─── Data section

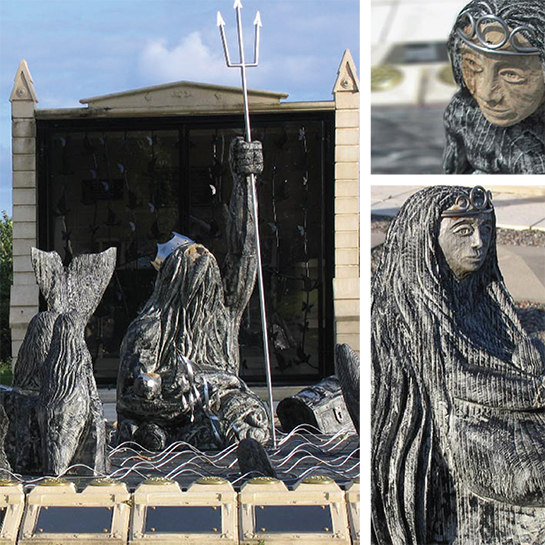 The feature comprises of 'Father Neptune' holding a smiling baby Merchild in his arm as he raises his mighty Trident to the heavens. Looking on are his two happy mermaid daughters. Also in the water are their fish and dolphin friends and a bobbing treasure chest!
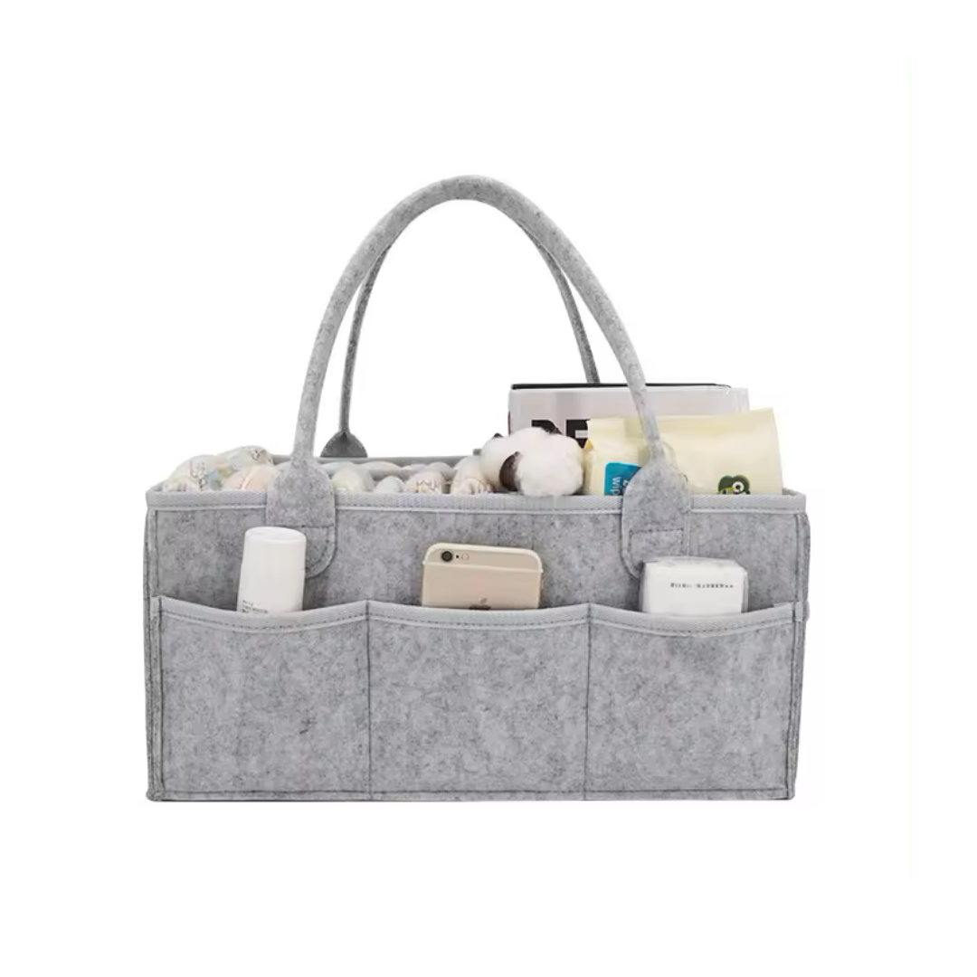 Geantă organizator pentru scutece și accesorii copii, din fetru, cu multiple compartimente, ideală pentru călătorii.
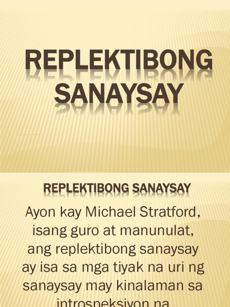 View PAGSULAT NG REPLEKTIBONG SANAYSAyppt from ENG 101 at Dei Gratia School. Enjoy the videos and music you love upload original content and share it all with friends family and the world on. Magkaroon ng isang tiyak na paksa o tesis na.
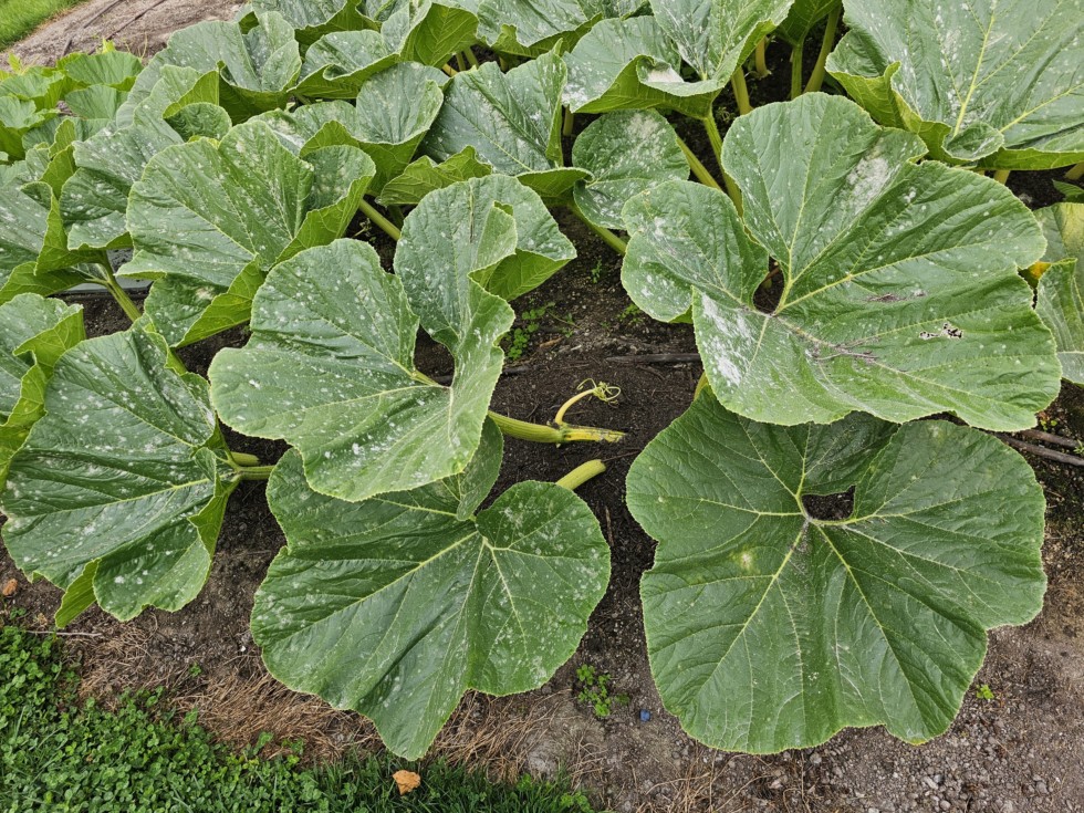On Aug 8 th I posted a picture of PM starting on the Barron 2144. The pumpkin went down to BES but I kept the plant growing as a testbed for this new fungicide called "Hygropunch". The leaf on the lower right was sprayed on Aug 8th when the picture was taken. 10 days later and the PM is gone! As you can see the other leaves are getting seriously infected.
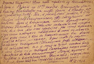 13. Letter (on a postcard) from Leman-Balanovskaya I.N. dated 05/07/1936 to the wife of her brother Leman A.A. with birthday greetings and about two excursions conducted at the Pulkovo Observatory, (p/w 05/08/1936/05/09/1936).
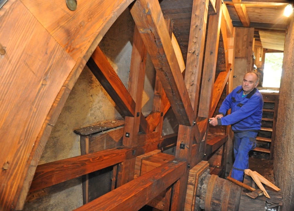 "Ich war damals der jüngste Mitarbeiter bei Mühlenbau Schumann und wurde sozusagen ins kalte Wasser geschubst", erinnert sich Hans Karel. Das hieß, er musste in den schmalen Wassergraben steigen, damit die Handwerker das Wasserrad einbauen konnten. Das sei heute noch genauso.
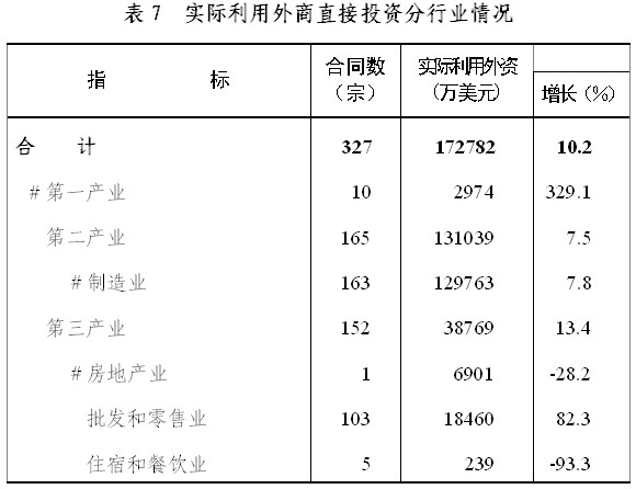 全年共簽訂外商直接投資項(xiàng)目合同327宗,下降23.1%;外商直接投資合同金額26.5億美元,增長22.5%;實(shí)際利用外商直接投資17.3億美元,增長10.2%。全年工商注冊新登記外商投資企業(yè)346家,新增注冊資金5.5億美元。年末全市工商登記外商企業(yè)實(shí)有6439家。其中,香港4132家;臺灣、英屬維爾京群島、薩摩亞合計(jì)870家;韓國155家;美國106家;日本65家;歐洲34家。

──────

Problem to work on:
All records above must be output exactly as they stand, excluding pictures.

Exercise output:
 The feature comprises of 'Father Neptune' holding a smiling baby Merchild in his arm as he raises his mighty Trident to the heavens. Looking on are his two happy mermaid daughters. Also in the water are their fish and dolphin friends and a bobbing treasure chest!
 Geantă organizator pentru scutece și accesorii copii, din fetru, cu multiple compartimente, ideală pentru călătorii.
 View PAGSULAT NG REPLEKTIBONG SANAYSAyppt from ENG 101 at Dei Gratia School. Enjoy the videos and music you love upload original content and share it all with friends family and the world on. Magkaroon ng isang tiyak na paksa o tesis na.
On Aug 8 th I posted a picture of PM starting on the Barron 2144. The pumpkin went down to BES but I kept the plant growing as a testbed for this new fungicide called "Hygropunch". The leaf on the lower right was sprayed on Aug 8th when the picture was taken. 10 days later and the PM is gone! As you can see the other leaves are getting seriously infected.
 13. Letter (on a postcard) from Leman-Balanovskaya I.N. dated 05/07/1936 to the wife of her brother Leman A.A. with birthday greetings and about two excursions conducted at the Pulkovo Observatory, (p/w 05/08/1936/05/09/1936).
 "Ich war damals der jüngste Mitarbeiter bei Mühlenbau Schumann und wurde sozusagen ins kalte Wasser geschubst", erinnert sich Hans Karel. Das hieß, er musste in den schmalen Wassergraben steigen, damit die Handwerker das Wasserrad einbauen konnten. Das sei heute noch genauso.
 全年共簽訂外商直接投資項(xiàng)目合同327宗,下降23.1%;外商直接投資合同金額26.5億美元,增長22.5%;實(shí)際利用外商直接投資17.3億美元,增長10.2%。全年工商注冊新登記外商投資企業(yè)346家,新增注冊資金5.5億美元。年末全市工商登記外商企業(yè)實(shí)有6439家。其中,香港4132家;臺灣、英屬維爾京群島、薩摩亞合計(jì)870家;韓國155家;美國106家;日本65家;歐洲34家。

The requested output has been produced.